### [WHAT YOU SHOULD DO]
Below is a listing. Quote from it, exactly, the lines from the one containing "ส่วนนอก มีที่ล้างมือที่ได้รับมาตรฐาน 2" down to the one containing "Кулон из стекла", both ends included, and nothing else.

### [RECORDED DATA]
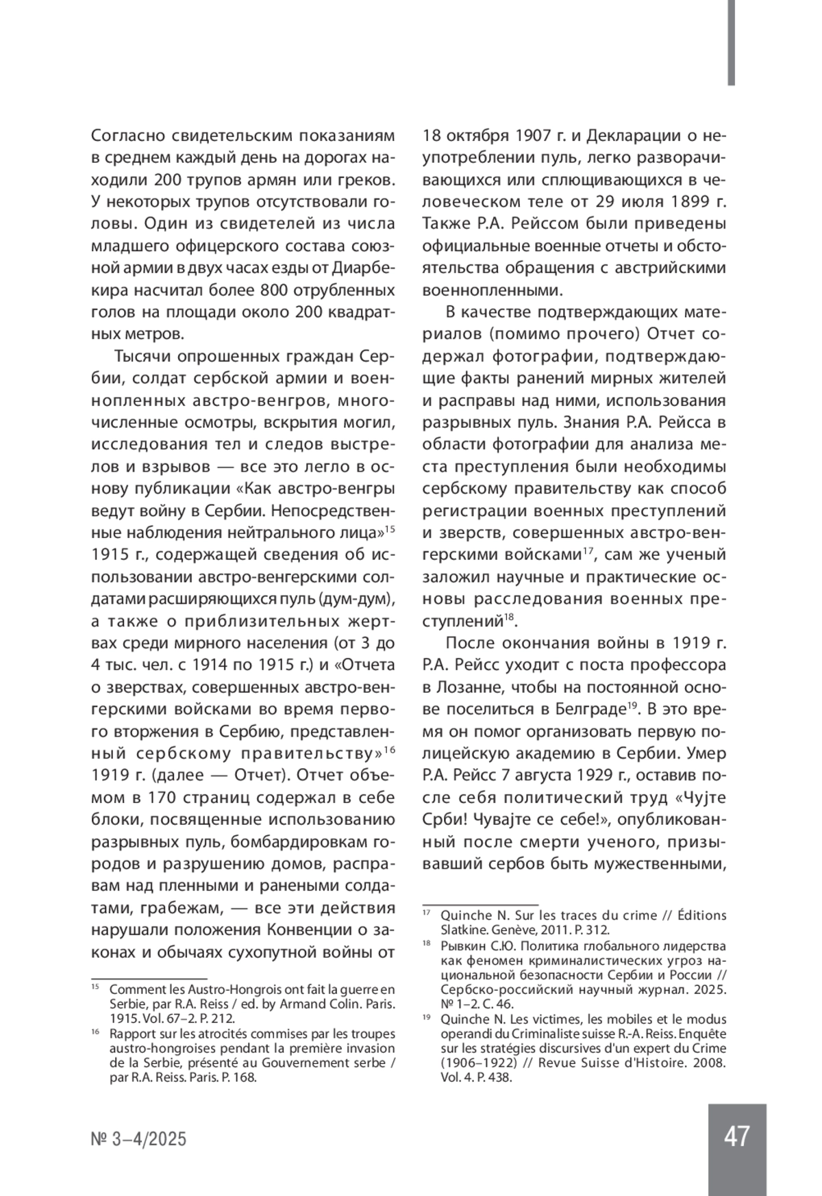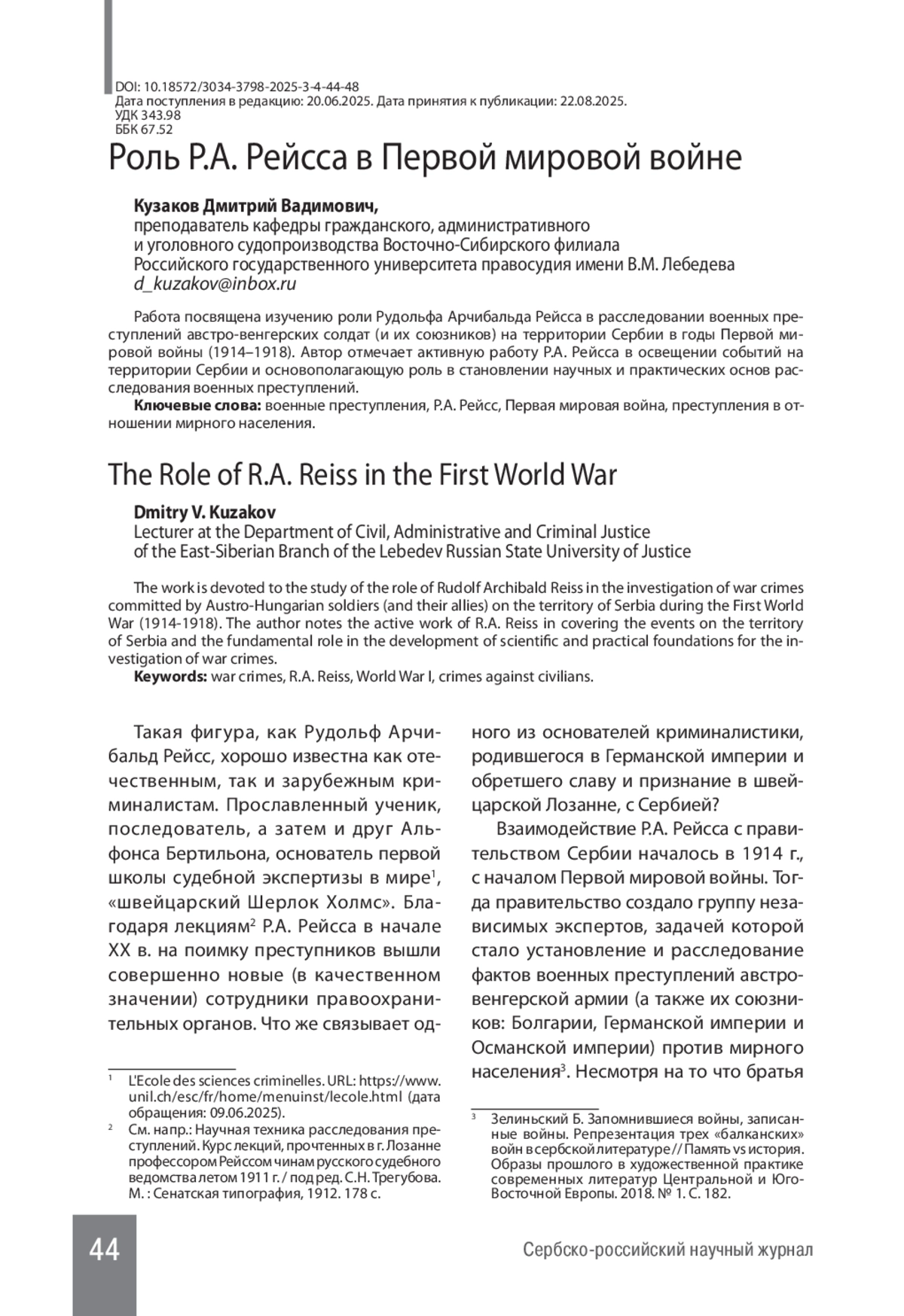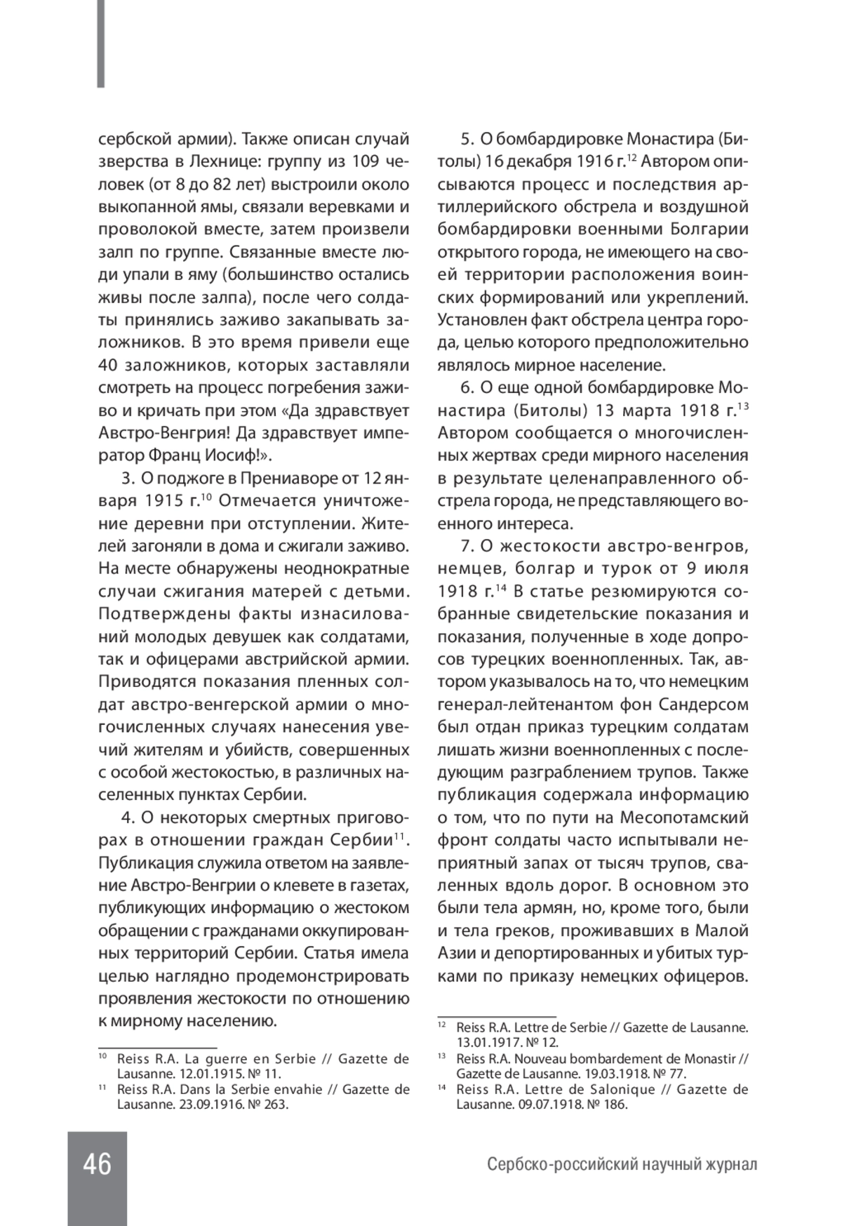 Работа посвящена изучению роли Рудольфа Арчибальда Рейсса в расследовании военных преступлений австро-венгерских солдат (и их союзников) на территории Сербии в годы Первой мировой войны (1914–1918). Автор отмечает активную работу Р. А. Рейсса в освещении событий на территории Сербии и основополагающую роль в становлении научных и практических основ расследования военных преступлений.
--
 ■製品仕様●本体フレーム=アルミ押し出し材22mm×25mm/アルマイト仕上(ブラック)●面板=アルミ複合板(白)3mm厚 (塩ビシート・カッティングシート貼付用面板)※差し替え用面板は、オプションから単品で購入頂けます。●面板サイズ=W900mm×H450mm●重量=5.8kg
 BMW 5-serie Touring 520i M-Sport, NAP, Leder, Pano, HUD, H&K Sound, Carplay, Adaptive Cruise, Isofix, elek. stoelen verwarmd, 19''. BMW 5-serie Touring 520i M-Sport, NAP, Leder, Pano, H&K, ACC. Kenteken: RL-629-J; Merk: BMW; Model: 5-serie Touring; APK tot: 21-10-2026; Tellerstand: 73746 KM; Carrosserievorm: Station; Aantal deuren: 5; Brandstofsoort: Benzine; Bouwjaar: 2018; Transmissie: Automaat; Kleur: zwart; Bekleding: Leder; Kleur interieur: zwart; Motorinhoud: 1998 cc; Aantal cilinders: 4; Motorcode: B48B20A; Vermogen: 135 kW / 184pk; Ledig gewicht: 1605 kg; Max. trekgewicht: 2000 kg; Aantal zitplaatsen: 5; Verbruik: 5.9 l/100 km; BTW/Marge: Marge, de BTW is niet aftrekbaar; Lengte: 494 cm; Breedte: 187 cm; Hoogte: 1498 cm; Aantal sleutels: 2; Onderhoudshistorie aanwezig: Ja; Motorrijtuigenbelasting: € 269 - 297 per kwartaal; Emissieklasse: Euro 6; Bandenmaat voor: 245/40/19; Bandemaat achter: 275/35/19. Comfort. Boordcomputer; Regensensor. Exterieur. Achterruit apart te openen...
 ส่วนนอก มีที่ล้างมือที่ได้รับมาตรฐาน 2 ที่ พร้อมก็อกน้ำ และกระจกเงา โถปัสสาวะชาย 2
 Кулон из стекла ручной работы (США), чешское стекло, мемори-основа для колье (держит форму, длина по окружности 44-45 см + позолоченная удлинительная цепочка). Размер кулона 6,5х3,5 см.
...
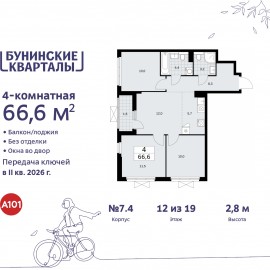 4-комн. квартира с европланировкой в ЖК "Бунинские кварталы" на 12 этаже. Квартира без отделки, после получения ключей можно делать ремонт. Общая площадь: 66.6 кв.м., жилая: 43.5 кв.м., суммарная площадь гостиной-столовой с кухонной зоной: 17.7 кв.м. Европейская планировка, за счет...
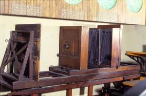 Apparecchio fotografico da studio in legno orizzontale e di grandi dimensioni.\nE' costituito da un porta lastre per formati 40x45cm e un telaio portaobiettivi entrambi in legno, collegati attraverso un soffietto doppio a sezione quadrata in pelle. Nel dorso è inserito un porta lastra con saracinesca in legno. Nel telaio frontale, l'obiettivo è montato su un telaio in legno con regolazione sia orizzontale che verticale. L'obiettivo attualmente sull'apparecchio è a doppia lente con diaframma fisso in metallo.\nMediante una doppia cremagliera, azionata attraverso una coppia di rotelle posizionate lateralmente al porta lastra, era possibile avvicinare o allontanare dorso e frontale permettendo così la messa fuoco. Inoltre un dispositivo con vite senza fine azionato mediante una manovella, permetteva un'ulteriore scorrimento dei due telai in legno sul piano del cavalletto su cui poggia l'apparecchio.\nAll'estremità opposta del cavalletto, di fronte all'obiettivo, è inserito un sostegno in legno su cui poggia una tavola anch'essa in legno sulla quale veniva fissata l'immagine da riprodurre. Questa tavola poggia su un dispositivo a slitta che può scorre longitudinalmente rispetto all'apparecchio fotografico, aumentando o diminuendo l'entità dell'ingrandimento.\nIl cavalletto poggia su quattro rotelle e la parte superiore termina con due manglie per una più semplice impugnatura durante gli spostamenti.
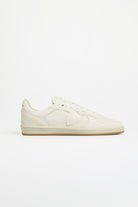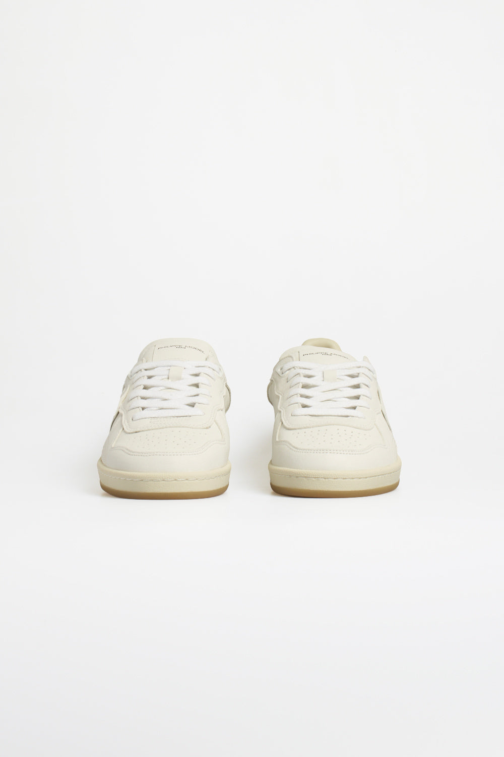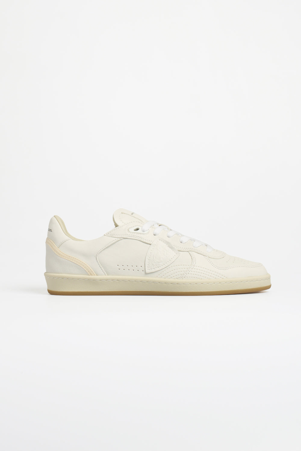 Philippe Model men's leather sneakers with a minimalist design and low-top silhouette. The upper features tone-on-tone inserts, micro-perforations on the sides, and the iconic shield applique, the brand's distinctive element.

### [SOLUTION TO THE PROBLEM]
 ส่วนนอก มีที่ล้างมือที่ได้รับมาตรฐาน 2 ที่ พร้อมก็อกน้ำ และกระจกเงา โถปัสสาวะชาย 2
 Кулон из стекла ручной работы (США), чешское стекло, мемори-основа для колье (держит форму, длина по окружности 44-45 см + позолоченная удлинительная цепочка). Размер кулона 6,5х3,5 см.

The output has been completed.